A simple way to test this, is to comment out this if statement: if (vouches[vouchId].authorAddress != msg.sender) { revert AddressNotVouchAuthor(vouchId, msg.sender, vouches[vouchId].authorAddress); } from unvouch and then run a test like

it('should allow any address to unvouch due to missing authorization check', async () => {
    // Create vouch from userA to userB
    await userA.vouch(userB);
    const vouch = await ethosVouch.verifiedVouchByAuthorForSubjectProfileId(
      userA.profileId,
      userB.profileId,
    );

    // Create a random attacker address that has no relation to the vouch
    const attackerWallet = await deployer.newWallet();

    // Attacker should be able to call unvouch() successfully
    // Even though they aren't the vouch author
    await expect(ethosVouch.connect(attackerWallet).unvouch(vouch.vouchId))
      .to.not.be.reverted;

    // Verify the vouch was actually unvouched
    const updatedVouch = await ethosVouch.vouches(vouch.vouchId);
    expect(updatedVouch.activityCheckpoints.unvouchedAt).to.be.greaterThan(0);
    expect(updatedVouch.archived).to.be.true;
});

The lack of explicit checks in vouchByProfileId, which uses vouchCount as the vouchId to register vouches, means any caller can potentially overwrite values in the vouches mapping under the right circumstances.

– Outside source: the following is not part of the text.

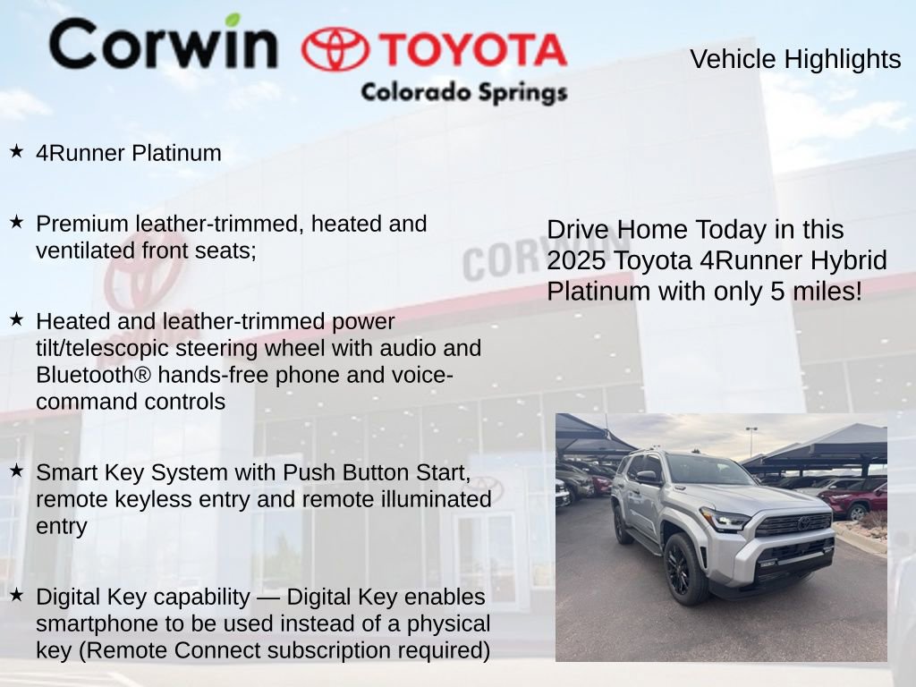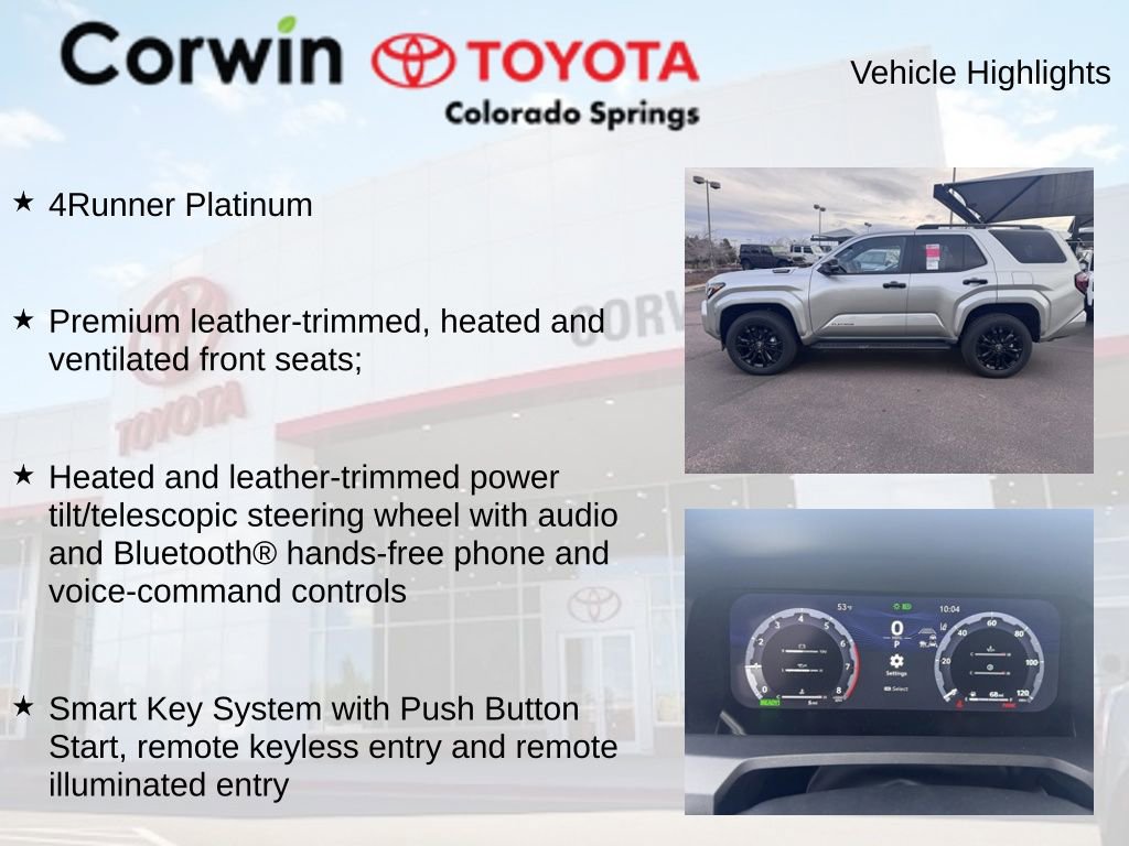 This Toyota 4Runner i-FORCE MAX Hybrid is well equipped and includes the following features and benefits, 4Runner Platinum, Premium leather-trimmed, heated and ventilated front seats;, Heated and leather-trimmed power tilt/telescopic steering wheel with audio and Bluetooth® hands-free phone and voice-command controls, Smart Key System with Push Button Start, remote keyless entry and remote illuminated entry, Digital Key capability Digital Key enables smartphone to be used instead of a physical key (Remote Connect subscription required), Qi-compatible wireless smartphone charging with indicator light.

In high-traffic scenarios, a second caller could overwrite another's vouch data due to the stale vouchCount value.

Mitigation

  1. Add explicit checks that the vouchId exists and belongs to a different author at runtime, and cause the function call to revert e.g
if (vouches[count].authorAddress != address(0)) {
    revert someError;
}
  1. Consider implementing a vouchByProfileId transactions queue for potential high-traffic periods.